Douglas Lumber Co. v. Chicago Home for Incurables

43 N.E.2d 535, 380 Ill. 87
CourtIllinois Supreme Court
DecidedMay 13, 1942
DocketNo. 26489. Decree affirmed.
StatusPublished
Cited by29 cases

This text of 43 N.E.2d 535 (Douglas Lumber Co. v. Chicago Home for Incurables) is published on Counsel Stack Legal Research, covering Illinois Supreme Court primary law. Counsel Stack provides free access to over 12 million legal documents including statutes, case law, regulations, and constitutions.

Bluebook
Douglas Lumber Co. v. Chicago Home for Incurables, 43 N.E.2d 535, 380 Ill. 87 (Ill. 1942).

Opinion

Mr. Chief Justice Murphy

delivered the opinion of the court:

Plaintiff, Douglas Lumber Co., began this action in the circuit court of Cook county to foreclose a mechanic’s lien for material furnished by it in construction and repair work on a building located at 125-127 West Monroe street, Chicago. The defendants are the Chicago Home for Incurables, the owner of the premises, Down Town Auto Parking Co., its lessee, Down Town Parking Stations, Inc., sublessee, Edwin E. Hartrich, the contractor, and L. A. Gorman Co. Inc., the subcontractor and the one to whom plaintiff furnished the material in question. After the taking of a large amount of evidence before the master, and the overruling of exceptions to the master’s report, a decree was entered in favor of plaintiff. All the defendants except the subcontractor, L. A. Gorman Co.,.Inc., have joined in this appeal. A direct appeal to this court is supported by the claim that section 21 of the Mechanic’s Lien act as amended in 1913 (111. Rev. Stat. 1941, chap. 82, par. 21) is unconstitutional.

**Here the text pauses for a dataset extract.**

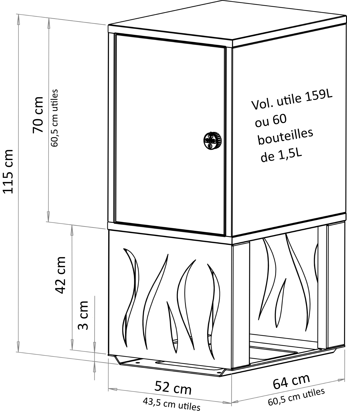 Avec une capacité de 166 Litres UTILES, stockage de 60 bouteilles de 1,5L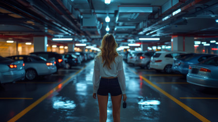 Blonde woman in business casual attire holds car keys while walking through a busy parking garage at night, showcasing city life and independence.

The facts are that early in 1938 the Down Town Auto Parking company entered into a written contract with Hart-rich as general contractor to remodel a building then situated on the property and convert it from a bank building to a three-story reinforced concrete garage with a concrete ramp leading from the floor on the street level to the roof, thus permitting the parking of automobiles on three floors and the roof. The owner of the property gave its consent to the remodeling of the building. On March 22, 1938, the contractor, Hartrich, sublet the reinforced concrete work to L. A. Gorman Co., Inc., under a written contract. The regular contract and the subcontract contained similar provisions regarding monthly payments to be made on account of the contract price. They provided that there should be paid at the end of each period 85% of the value of the work in place as estimated by the architect.

Plaintiff sold building materials to the subcontractor, the Gorman company, consisting principally of crushed stone, sand, cement and lumber. The stone, sand and cement were used by the subcontractor in the concrete work and the lumber was used in the making of forms in the concrete construction.

The contention of defendants that plaintiff executed a release of lien necessitates a brief statement of the facts in reference to the circumstances surrounding the execution of two instruments, one dated July 30, 1938, the other September 1, 1938. The monthly requisition dated August 2, 1938, submitted by the Gorman company to Hartrich asked for the payment of $10,276.50 which was estimated to be 85% of the value of the work then completed. This requisition was accompanied by an instrument executed by plaintiff, which recited that the plaintiff “does hereby waive and release any and all lien or claim or right of lien on said above building [125 West Monroe street] and premises under the Statutes of the State of Illinois relating to Mechanic’s liens on account of labor or materials, or both, furnished by the undersigned to or on account of the said L. A. Gorman Company, for said building or premises.” Contractor Hartrich submitted the Gorman company requisition, plaintiff’s waiver of lien and his own monthly requisition to the owner for payment. The full amount of the Gorman company requisition was not paid by Hartrich to the company. August 6, Hartrich paid $7000 and on August 26, $1000, leaving $2276.50 of the Gorman company requisition unpaid. In turn the Gorman company failed to pay plaintiff in full for the materials delivered by it for the period ending July 30, 1938, being the period covered by the waiver of lien.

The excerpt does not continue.